Essential to my plan for crossing the North American Plate was that in due course I would reach the place where it met its western neighbor, the Pacific Plate. Once I got there, I would in all probability want to place one foot on each of the two plates, as a tourist trophy—much as one likes to have snapshots taken with a foot on each side of the equator (one of them thus experiencing summer, the other technically winter), or to capture the moment of being briefly astride the Greenwich meridian, or (while at sea) the international date line. And then, as I looked through the field notes I had kept from that long-ago trip to Iceland, something similar occurred to me. Even though we had no idea that an entity called the North American Plate even existed (a measure of how new plate tectonic theory is), was there any chance, I wondered, that during that expedition I had managed to stand on the place where that plate met its eastern neighbor, the Eurasian Plate? Had I done so, it would have given my intended American trip a pleasing sense of symmetry, if nothing else.

So, briefly excited, I examined my old notes even more closely. I reread our expedition report; I pored over our yellowed maps. And yes, I thought after a while, there was indeed one place in Iceland, one place to which at the time I had attached little importance, where I might in fact have done that very thing.

My search for that place on the eastern edge began with the reddest of red herrings. Shortly before we went off to Iceland, a brand-new island had been formed, amid much fanfare from the world's press, off the country's southwestern coast. The locals named the island Surtsey, after the Nordic fire god Surtur; and since we were there, and curious, and ostensibly interested in a new topography, we found ourselves a small fishing smack and an intrepid young skipper, and went off to have a look. The sea was the color of iron and heaving; the weather was foul, and Surtsey lay twenty miles off the coast. Eventually we reached it—a gray, smoking hulk of fresh lava, by then a good 300 feet high and perhaps half a mile across. There was a dusting of green against the
gray, as the first plants had already been established (notably a cluster of something called sea rocket); the first animal had arrived (a housefly, not easily visible from the deck of a rolling smack); and the first of the innumerable seabirds that would stop there, at what for them was a newly convenient resting place, were wheeling down from the clouds—herring gulls, kittiwakes, fulmars, and (from the sound of their chattering growl) murres were clustered happily on the craggy shore.

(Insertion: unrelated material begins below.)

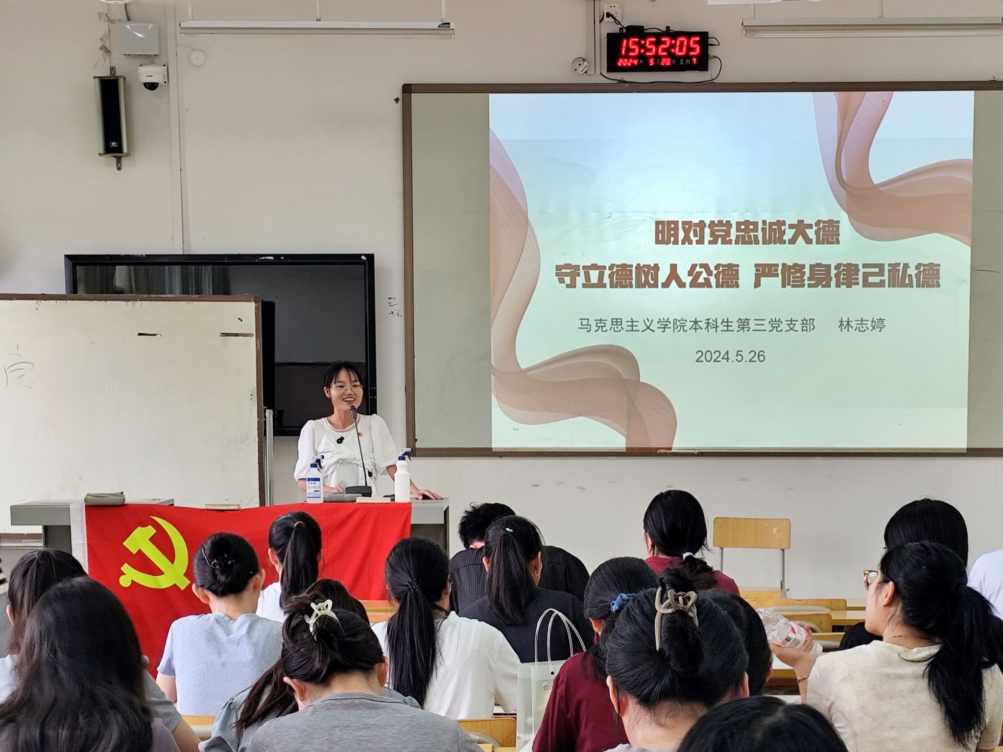 活动伊始,由张万景老师讲授《以严的标准遵守党的各项纪律》专题党课,他指出,遵守党的纪律,关键在从严,树立严的标准,就要坚持纪严于法、坚持问题导向、坚持以上率下,对党员而言,严守纪律规矩既是一个加强自我改造的永恒课题,更是一场勇于自我革新的精神之战。紧接着,林志婷老师讲授《明对党忠诚大德 守立德树人公德 严修身律己私德》专题党课,她强调党员同志要在党纪学习教育中增强道德定力,不断加强自身的道德修养。林志婷老师立足大学生党员视角,为在场的党员同志介绍了苏蔓、罗文坤、张海萍、张桂梅和龚全珍等优秀党员的先进事迹,呼吁支部党员同志向他们学习。随后,在场党员集体观看中央纪委国家监委对中央党史和文献研究院副院长黄一兵的专访——《加强纪律建设是全面从严治党的治本之策》。本次活动的最后,各个党小组还分享了今天的纪律党课和主题党日活动中的学习感悟,同志们都表示将自觉做到学纪、知纪、明纪、守纪。

From the look of the contour lines on the adjoining islands and on the main island itself, and from the
son et lumière
of all this fresh volcanic activity, it seemed to us very much as though it was somewhere around this point that the Mid-Atlantic Ridge was welling up from the mantle below, with the coast that lay to the west of where Surtsey rose technically American tectonic real estate, and the cliffs and hills that stretched away to the east—toward the Faeroes, Shetlands, Scotland, and France—European territory.

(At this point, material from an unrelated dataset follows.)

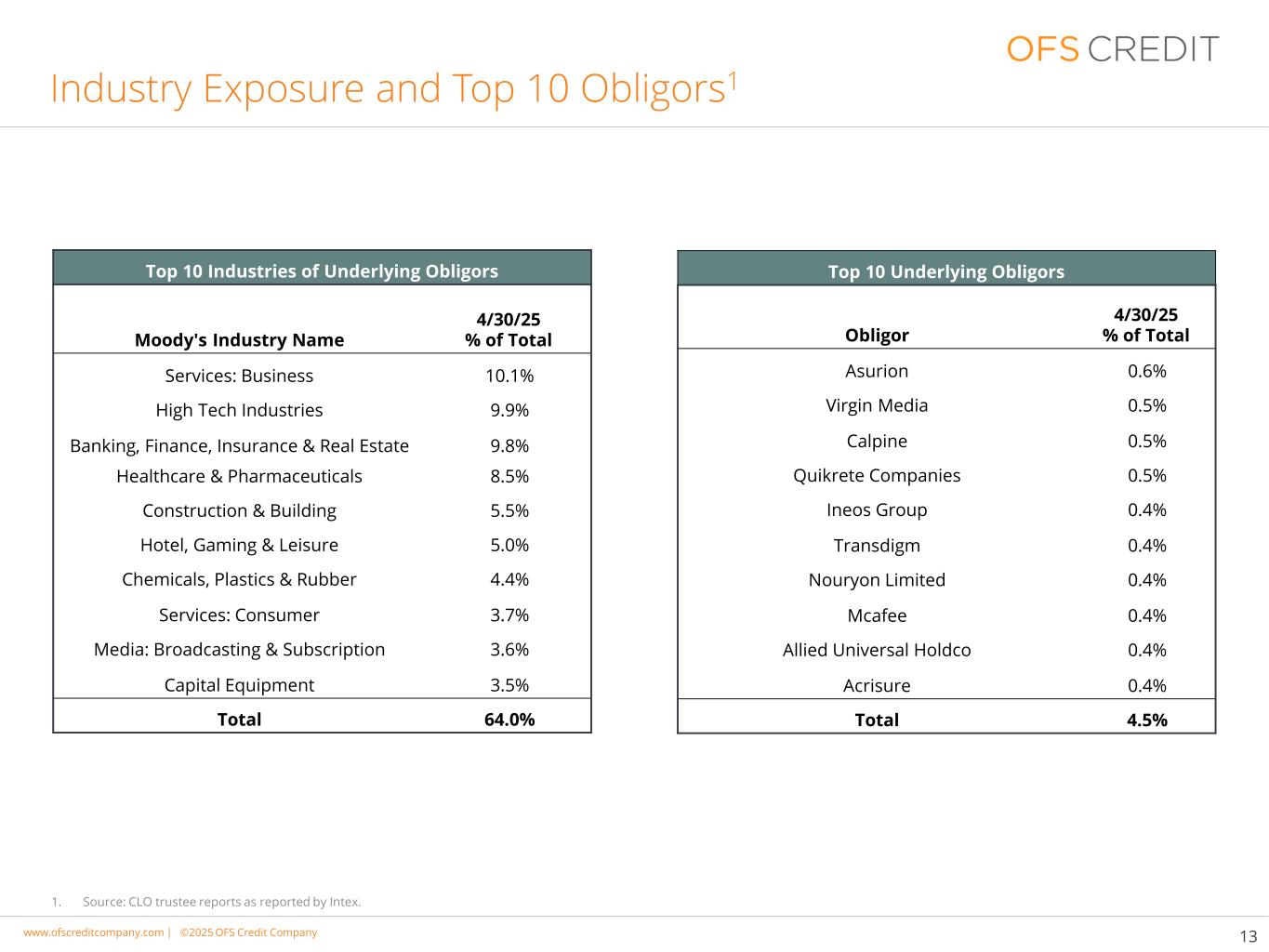 www.cimgroup.com |©2018年CIM集团|贸易机密/机密信息www.ofscreditcompany.com |©2025 OFS Credit公司行业敞口和前10名义务人113家前10名基础义务人义务人4/30/25%合计Asurion 0.6% Virgin Media 0.5% Calpine 0.5% Quikrete Companies 0.5% Ineos Group 0.4% Transdigm 0.4% Nouryon Limited 0.4% McAfee 0.4% Allied Universal Holdco 0.4% Acrisure 0.4% Total 4.5%标的义务人前10名行业总服务:商业10.1%高科技行业9.9%银行、金融、保险和房地产9.8%医疗保健和制药8.5%建筑和建筑5.5%酒店,博彩休闲5.0%化工塑胶4.4%服务:消费3.7%传媒:广电认购3.6%资本设备3.5%合计64.0% 1。资料来源:CLO受托人报告,如Intex报告。

But today's scientific literature says otherwise. True, if an imaginary line is drawn from Surtsey northeastward to Heimaey and the other Westmannaeyjar Islands (which have to be evacuated with dismaying frequency because of their very active volcanoes, the last time being in 1973), and extended farther northward through the peak of Iceland's most infamously dangerous volcano, Hekla (whose eruption in 1783 caused terribly cold winters all over northern Europe), it does look beguilingly like a ridgeline.

But geophysicists who are currently monitoring the line—and few places in the world are as closely monitored as Iceland (which is hardly surprising, given that it marks a place where the planet is tearing itself open)—are doubtful. Surtsey is very interesting, of course; but, though the region often behaves in a quite spectacular way and so is noticed by the outside world (as with the birth of the island, for instance, which was greeted with the enthusiasm usually reserved for pandas or heirs to royal thrones), it appears from close examination that nothing much is going on there other than that a plume of superhot material is welling up from within the earth and spilling out along this fissure track.